Engineered Models of Neutrophil Extracellular Trap Mediated Dysfunction in Cystic Fibrosis Airways

Introduction::
One of the most important aspects in developing new inhaled therapeutics for cystic fibrosis (CF) is to accurately model the airway mucus barrier properties. Traditionally, human airway epithelial (HAE) cells cultured at air-liquid interface have been used for in vitro studies. However, one of the key aspects currently missing from in vitro models of the CF airway is the presence of neutrophil extracellular traps (NETs) in the mucus. NETs are webbed complexes composed of a decondensed chromatin scaffold decorated with antimicrobial granular proteins.^1,2 Neutrophils are the most abundant immune cells in the CF airway, responding to bacteria that grow rampantly in the mucus.³ NET release is an innate immune response to trap and kill pathogens.⁴ However, the excess release of NETs in the airway is extremely detrimental, causing increased mucus viscoelasticity, often promoting bacterial biofilm formation, and slowing mucus clearance by cilia on the surface of airway epithelial cells, known as mucociliary transport.⁴ In CF patients, declining lung function is highly correlated with increasing NET concentrations in the mucus.⁵ Despite the pivotal role of NETs in CF pathogenesis and mucosal inflammation, current models of the airway mucus barrier do not account for their presence. Therefore, we are developing systems to model the effects of NETs in mucus both ex vivo using a synthetic mucus biomaterial and in vitro using HAE cells cultured at air-liquid interface. These models will be useful in applications such as assessing the efficacy of new inhaled therapeutics and studying mucosal host-pathogen interactions.




Materials and Methods::
We adapted a previous protocol to create a biomaterial mimicking the chromatin scaffold of NETs, called “microwebs”.⁶ Microwebs are synthesized by combining DNA and histones, then sonicating to create a suspension.⁶Using microwebs avoids the loss of proteins that can occur while purifying NETs.⁶ Microwebs have the added advantage of using readily available materials and confers flexibility to adjust the concentrations used in the models to mimic a wide range of CF mucus conditions. We used these microwebs in a novel application to recapitulate the effects of NETs in the airway mucosal environment. We devised a method of adding microwebs into a hydrogel composed of mucins, the gel-forming proteins in mucus. The mucin-microweb hydrogels were characterized using macrorheology and microrheoloy. Microrheology involves tracking the diffusion of nanoparticles within hydrogels to obtain the log₁₀ of the mean squared displacement at 1 second (log₁₀[MSD_1s]). A lower value of log₁₀[MSD_1s] indicates that nanoparticles are confined by a denser hydrogel network. Hydrogels were also treated with DNase to determine how microweb degradation affects the material.

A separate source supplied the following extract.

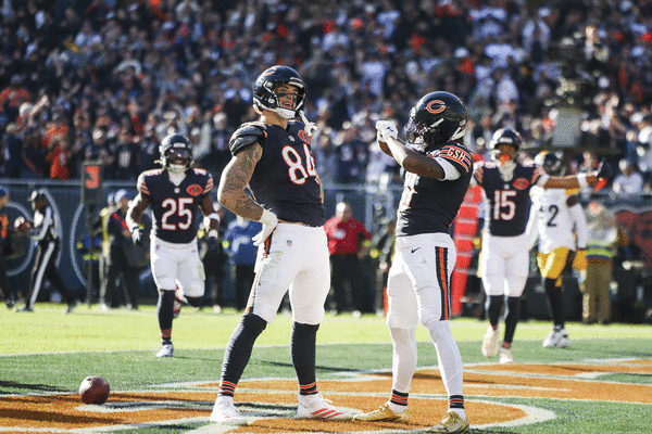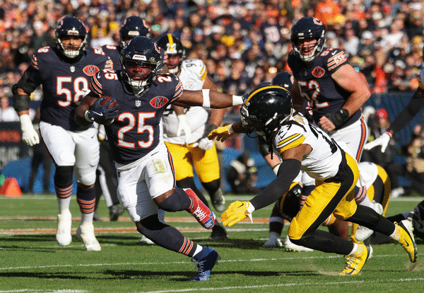 The Bears offense overcame two turnovers of its own in the first half, including a strip-sack in its end zone. Steelers star pass rusher T.J. Watt was credited with the sack as Williams lost the football, and edge rusher Nick Herbig jumped on it for a touchdown.

We also created an in vitro model of the CF airway using HAE cells cultured at air-liquid interface by incorporating microwebs into the apical mucosal barrier. We measured the velocity of mucociliary transport by tracking the movement of fluorescent microspheres on the surface of the cultures. The cultures were treated with DNase to the observe effects on mucociliary transport. Finally, we are currently studying the interactions of the common CF bacteria Pseudomonas aeruginosa with our models incorporating microwebs.




Results, Conclusions, and Discussions::
The addition of microwebs to the synthetic mucus hydrogel increased the elastic and viscous moduli compared to mucin-only hydrogels with the same percentage of solids. We found that the log₁₀[MSD_1s] was significantly reduced in the mucin-microweb and mucin-DNA hydrogels compared to the mucin-histone and mucin-only hydrogels (figure 1a, b). Therefore, DNA is the component of microwebs (and NETs) contributing the most to microstructural alterations. When treated with DNase, the log₁₀[MSD_1s] of the mucin-microwebs hydrogel increased significantly.









Next, we constructed the in vitro model incorporating microwebs into the mucus layer of the HAE cells and assessed the impacts on mucociliary transport. We found that the velocity of mucociliary transport was significantly reduced with the addition of microwebs to the mucus layer of airway epithelial cells (figure 1c, d). Transport was restored with the addition of DNase to the mucus containing the microwebs. The results of the bacterial studies are in progress.









NETs are extremely important within the CF airway environment and should be accounted for in preclinical models for inhaled drug delivery studies and studies of host-pathogen interactions. We have engineered a novel in vitro HAE cell model and ex vivo synthetic mucus hydrogel model capable of recapitulating the biophysical effects of NETs on mucus viscoelasticity and microstructure, and mucociliary transport. We also demonstrated the ability of each of the models to respond to DNase treatment applied at a physiologically relevant concentration. DNase is inhaled by over 91% of CF patients, making this a clinically relevant aspect of our characterization.⁷ The results of the bacterial studies are currently in progress.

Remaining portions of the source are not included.